Social media is emerging as the predominant communication platform. Globally, the number of active users is estimated to be 4.62 billion (58.4% of the total population). As a consequence, the need for automatic processing, understanding and monitoring of communication patterns has significantly increased. Detection of misinformation, polarization and malicious communities is also a crucial step to identify hoaxes and monitor online content. To address these issues, the research community has proposed social media analysis algorithms, which, so far, have been primarily based on graph and network methods.
In this context, online content is becoming increasingly available in mixed modalities (text, images, videos, etc). The convergence of Computer Vision (CV) and Natural Language Processing (NLP) has made it possible to empower textual and image understanding, and, more recently, to link textual and visual information to enable multi-modal understanding and retrieval. However, these recent efforts have been seldom applied to social media analysis, missing the benefit of developing innovative approaches to jointly understand text and other modalities, and provide an effective understanding of communication patterns. Indeed, there is a lack of a unified social media analysis methodology, which provides a seamless integration between network analysis and multimodal processing of visual and textual data.
The MUSMA project will make a radical change by investigating and developing innovative analysis models that can jointly process and understand textual and visual content simultaneously. MUSMA will enable:
processing, understanding, selection and monitoring of online content, to extract relevant information on a set of specific topics or subjects;
misinformation and manipulated content detection, through the development of AI techniques specifically designed to identify the network-wide phenomena (e.g. emerging communities and viral content) and credibility of online content;
analysis of the main drivers of information consumption, the dynamics of information and misinformation flow and ranking information sources according to their topical influence.
At the core of the project lies a new unifying synergy between Network Science, NLP and CV, using supervised neural networks (going beyond convolutive autoencoders, Transformer-based NNs, Capsules and graph-based networks) and symbolic representations.
This 2-year project brings together the research experiences and expertise of three internationally-recognized research teams: the AILAB of the University of Udine, the Data and Complexity for Society Lab at Roma Sapienza, and AImageLab at UNIMORE, encompassing NLP, vision and network science. The project proposes foundational research with direct practical and industrial exploitation. We foresee an enormous potential benefit for the society and as well as in paving the way to new research directions in several areas of AI.
MUSMA lies at the intersection of three central fields of AI, namely Network Science, Natural Language Processing and Computer Vision. The project aims at providing a unified approach for integrating multimodal understanding in social network analysis tasks, with the final goal of creating novel tools for addressing social media challenges like topic modeling, polarization and misinformation detection. The project brings together algorithms and innovations for empowering network and community analysis with the automatic understanding of data shared on social media, which is increasingly available in mixed visual (images, videos) and textual (sentences, tags) types. We address this challenge by putting forward three overarching goals: 1) the extraction and automatic understanding of relevant content from social media, through multi-modal integration and joint processing of text, images and videos; 2) the usage of such information for detecting polarization patterns in user behavior as well as misinformation and content manipulation; 3) the integration of data extracted from multiple modalities and their analysis over time, to enable monitoring and understanding of the information flow.
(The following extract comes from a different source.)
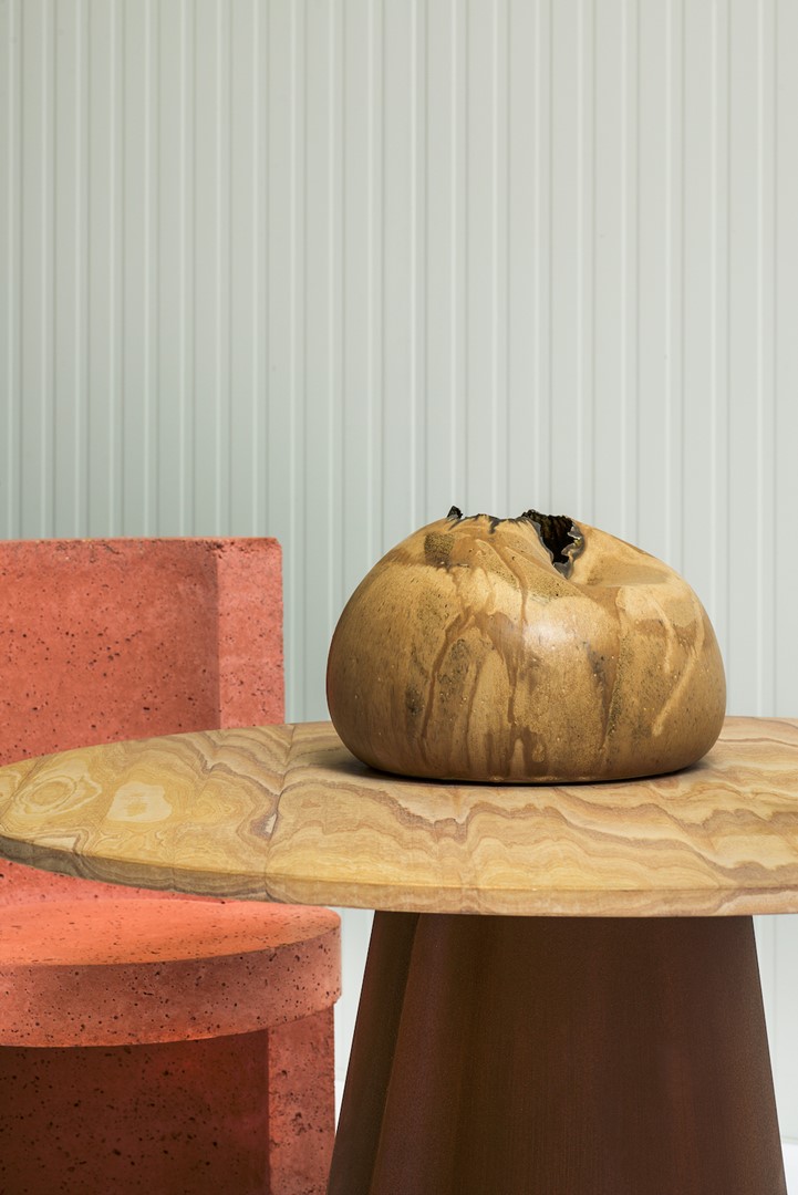 'Hier zie je de heavy chair van Studio Speciaal 2020. Verder zie je een bijzondere keramieken vintage vaas met grillige rand waarvan de designer onbekend is.
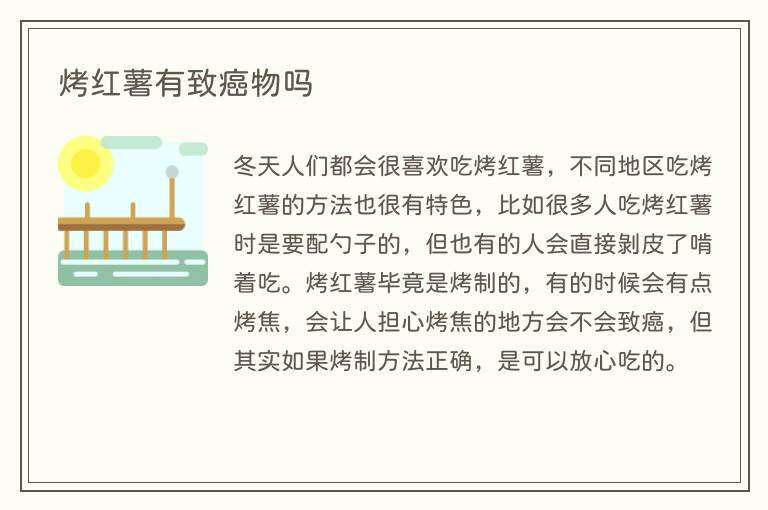 冬天人们都会很喜欢吃烤红薯,不同地区吃烤红薯的方法也很有特色,比如很多人吃烤红薯时是要配勺子的,但也有的人会直接剥皮了啃着吃。烤红薯毕竟是烤制的,有的时候会有点烤焦,会让人担心烤焦的地方会不会致癌,但其实如果烤制方法正确,是可以放心吃的。

Objective 1) will deal with the extraction of relevant information from social media and joint understanding of multiple modalities: the first objective is to design algorithms capable of extracting and fully comprehending multi-modal content shared on social media, by jointly taking into account text, images and videos. We will develop specific algorithms for extracting relevant information from social media data. This includes the detection of concepts, topics and entities from text, the extraction of semantic information and text from images and videos. We aim to go beyond the current state of the art (SOTA), addressing challenges which are specific to the social network context.
Objective 2) will employ and test the developed algorithms in two social network analysis tasks which have a fundamental importance in nowadays life, i.e. to detect the polarization patterns in online communities and the manipulation of content and spread of misinformation. In particular, misinformative content will be recognized thanks to the multi-modal integration outcomes and signals coming from a selection of trusted sources. Advanced quantitative metrics will be applied to explore how individuals consume news and the drivers behind (mis)information spreading. This will allow us to rank information sources according to their topical influence and assess their informative action, with an outstanding social impact.
Finally, Objective 3) deals with the integration of data and features extracted from different modalities, to link information extracted from text and images or videos through shared embedding spaces or by translating one modality into another (e.g. by translating images to tags or sentences). The construction of such multimodal information, and their analysis over time, will allow the monitoring and the understanding of information flows coming from social media, together with the analysis of network-level phenomena such as the emergence of novel communities and echo chambers, the spread of viral content across different platforms. Noticeably, such phenomena have never been studied by analyzing shared content, but rather focusing on network patterns alone.